======== DATASET EXCERPT ========

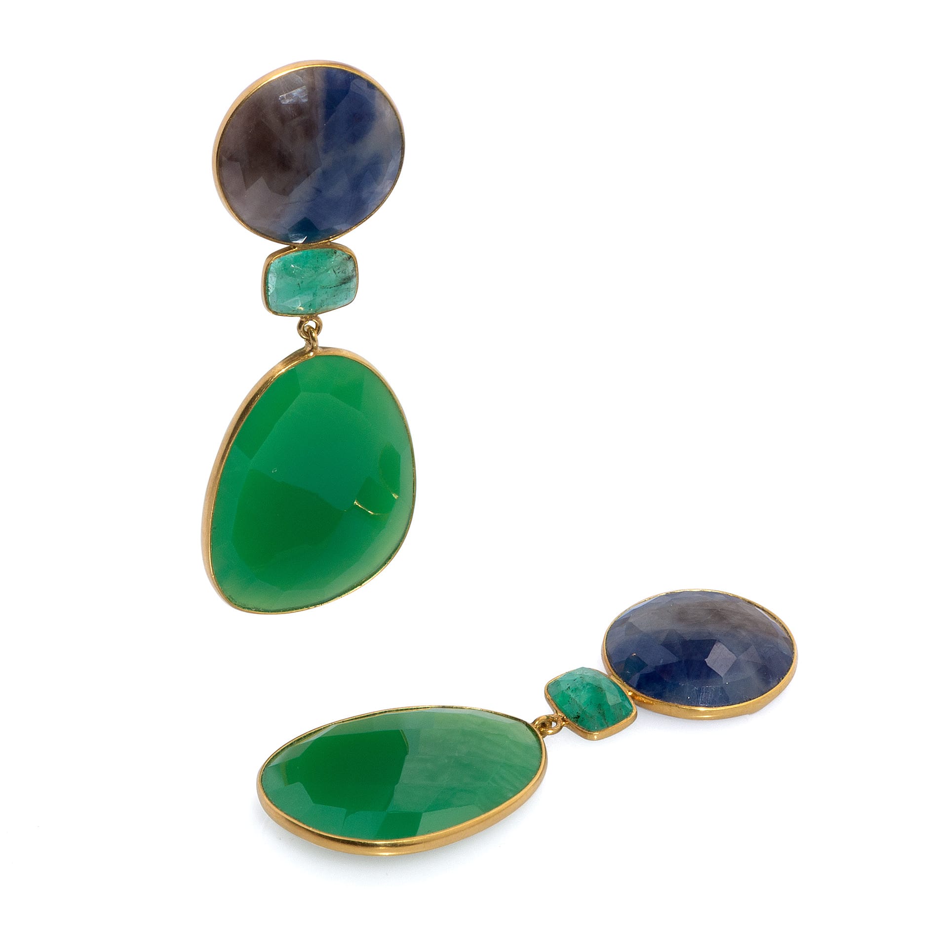 avec saphir, eméraude et agate verte
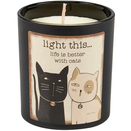 A jar candle from our Pet Collection displaying a double-sided design of cats in a rustic style on frosted black glass with a sassy pet-themed sentiment that reads "Light This... Life Is Better With Cats." Candle features soy-based wax and cotton wick with 35 hours of burn time activating a cleansing Sea Salt & Sage scent. Our Better with Cats jar candle includes a dust cover and plastic lid for protection and polished appearance. A fun pet-themed home accent that is great for gifting.
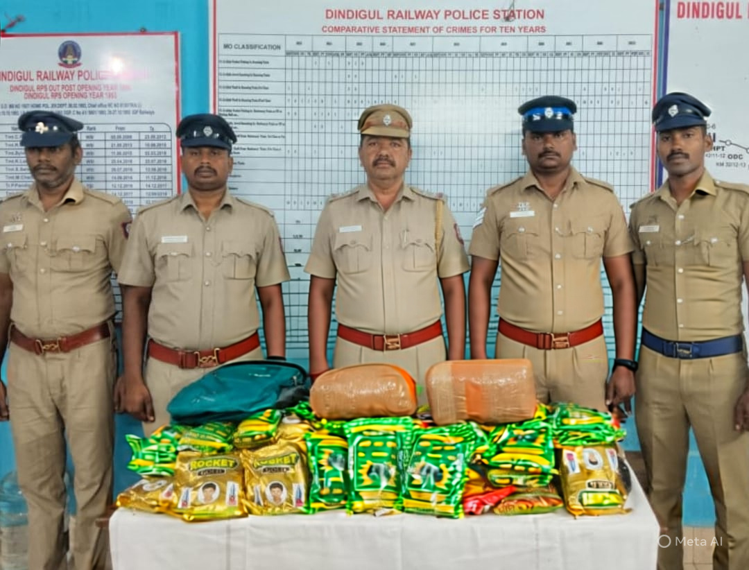 திண்டுக்கல் ரயில் நிலையத்தில் 3,700 கிலோ கஞ்சா, 22 கிலோ குட்கா பறிமுதல்

========

Without including any picture, set down every line above exactly as it stands.

● ANSWER TO THIS PROBLEM
 avec saphir, eméraude et agate verte
 A jar candle from our Pet Collection displaying a double-sided design of cats in a rustic style on frosted black glass with a sassy pet-themed sentiment that reads "Light This... Life Is Better With Cats." Candle features soy-based wax and cotton wick with 35 hours of burn time activating a cleansing Sea Salt & Sage scent. Our Better with Cats jar candle includes a dust cover and plastic lid for protection and polished appearance. A fun pet-themed home accent that is great for gifting.
 திண்டுக்கல் ரயில் நிலையத்தில் 3,700 கிலோ கஞ்சா, 22 கிலோ குட்கா பறிமுதல்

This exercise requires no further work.